Wir wollen sicherstellen, dass die westliche Hemisphäre hinreichend stabil und gut regiert bleibt, um Massenmigration in die Vereinigten Staaten zu verhindern und abzuschrecken; wir wollen eine Hemisphäre, deren Regierungen mit uns gegen Narco-Terroristen, Kartelle und andere transnationale kriminelle Organisationen zusammenarbeiten; wir wollen eine Hemisphäre, die frei bleibt von feindlichen ausländischen Eingriffen oder dem Besitz wichtiger Vermögenswerte und die kritische Lieferketten unterstützt; und wir wollen unseren fortgesetzten Zugang zu wichtigen strategischen Standorten sichern. Mit anderen Worten, wir werden eine „Trump-Konsequenz“ zur Monroe-Doktrin geltend machen und durchsetzen; (NSS, 5. Dezember)

Trump setzte dies gleich zu Beginn seiner zweiten Amtszeit in die Tat um, indem er de facto die Kontrolle über den Panamakanal zurückeroberte und das chinesische Unternehmen, das die Häfen an beiden Enden des Kanals betrieb, vertrieb. Die USA unterstützen reaktionäre Regierungen in El Salvador, Argentinien, Chile, Bolivien und Ecuador vor allem beim Versuch, sich die „Kontrolle“ über die Mineral- und Rohstoffressourcen zu sichern und den chinesischen Imperialismus zu vertreiben, der zum wichtigsten Handelspartner der meisten lateinamerikanischen Länder geworden ist.

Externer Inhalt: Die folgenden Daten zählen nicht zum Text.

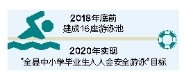 从2018年开始,琼中将按照每年中小学生达标数量以及人均400元的标准统筹安排游泳教育教学经费,用于开展中小学生游泳教育工作以及游泳教育事业发展。到2020年,实现“全县中小学毕业生人人会安全游泳”的目标,让中小学生游泳教育进入常态化,形成体系健全、制度完善、教体结合、充满活力的中小学生游泳教育发展格局。
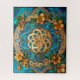 Celtic Knot Teal Blue Gold Flowers Knotwork Jigsaw Puzzle
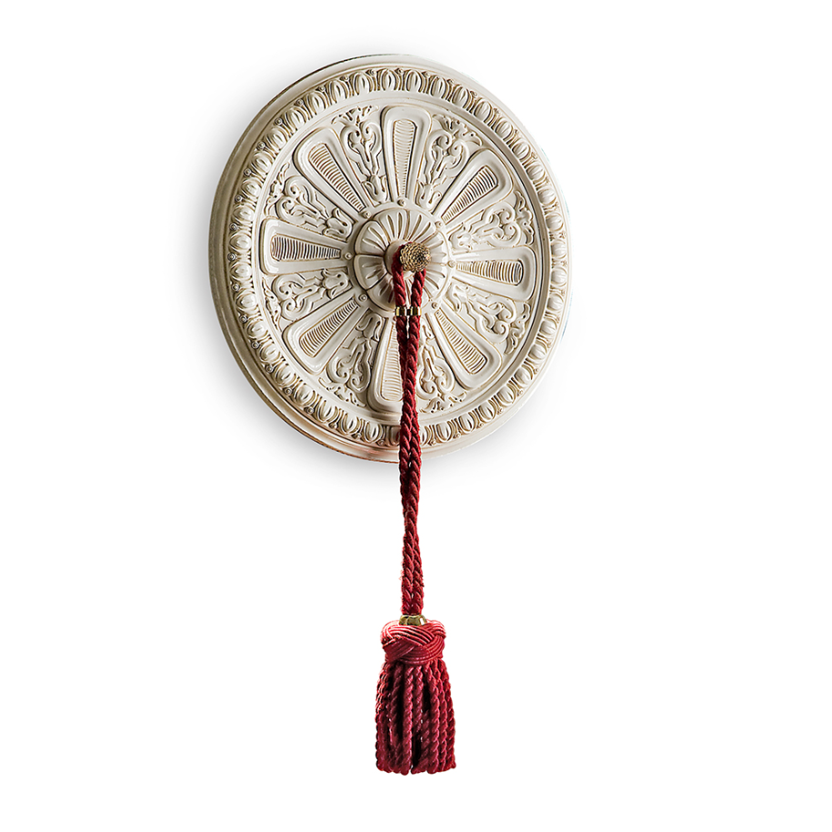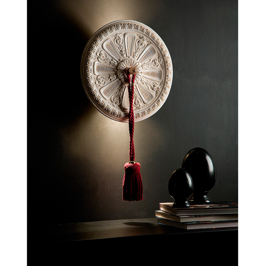 Бронзовое литье, позолота. Декоративный диск из майолики, ручная работа. Красная шелковая кисть.
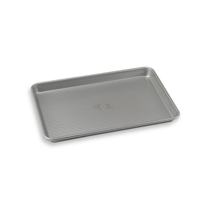 The vollrath wear ever standard duty half size sheet pan 18 gauge model 5303 is well reviewed on amazon. Jelly roll pan a wide flat pan similar to a cookie sheet or baking sheet with sides. 27 x 39 x 2 5 cm. 2 x 4 x 1 inch mini loaf pan.
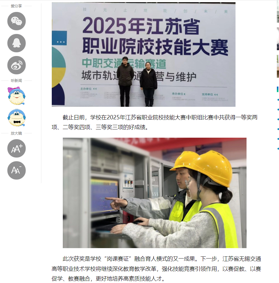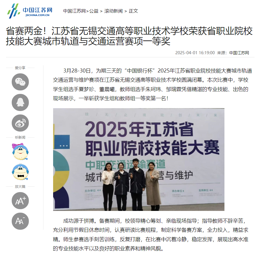 中江網(wǎng):省賽兩金!江蘇省無(wú)錫交通高等職業(yè)技術(shù)學(xué)校榮獲省職業(yè)院校技能大賽城市軌道與交通運(yùn)營(yíng)賽項(xiàng)一等獎(jiǎng)
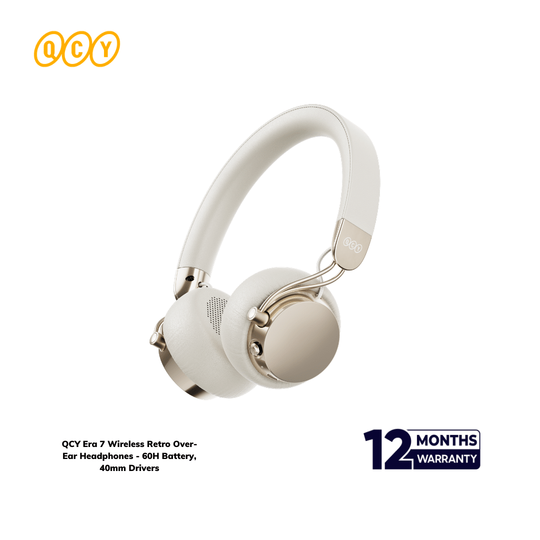 Step back in time without compromising on performance. The QCY Era 7 Wireless Retro Over-Ear Headphones pay homage to the golden age of audio with a stunning vintage-inspired design, while packing cutting-edge technology for today’s discerning listener. Featuring custom 40mm titanium-coated drivers for rich, detailed sound, a self-developed anti-leak system that blocks over 95% of sound leakage, and immersive 360° spatial audio, these headphones deliver an exceptional listening experience. With 60 hours of playback, plush comfort for all-day wear, and four elegant color options, they’re the perfect blend of classic aesthetics and modern innovation. Top Tech Zone guarantees 100% authentic products backed by an official warranty.

Wir werden nicht-hemisphärischen Konkurrenten die Fähigkeit verwehren, Streitkräfte oder andere bedrohliche Fähigkeiten zu stationieren oder strategisch wichtige Vermögenswerte in unserer Hemisphäre zu besitzen oder zu kontrollieren. (NSS, 5. Dezember)

Die Übernahme Venezuelas zielt also nicht nur auf die Ausbeutung der Ölressourcen für US-amerikanische Unternehmen ab, sondern auch darauf, diese Kuba vorzuenthalten, um die Blockade der Insel zu verschärfen und ausländische Unternehmen, insbesondere russische und chinesische, auszuschließen.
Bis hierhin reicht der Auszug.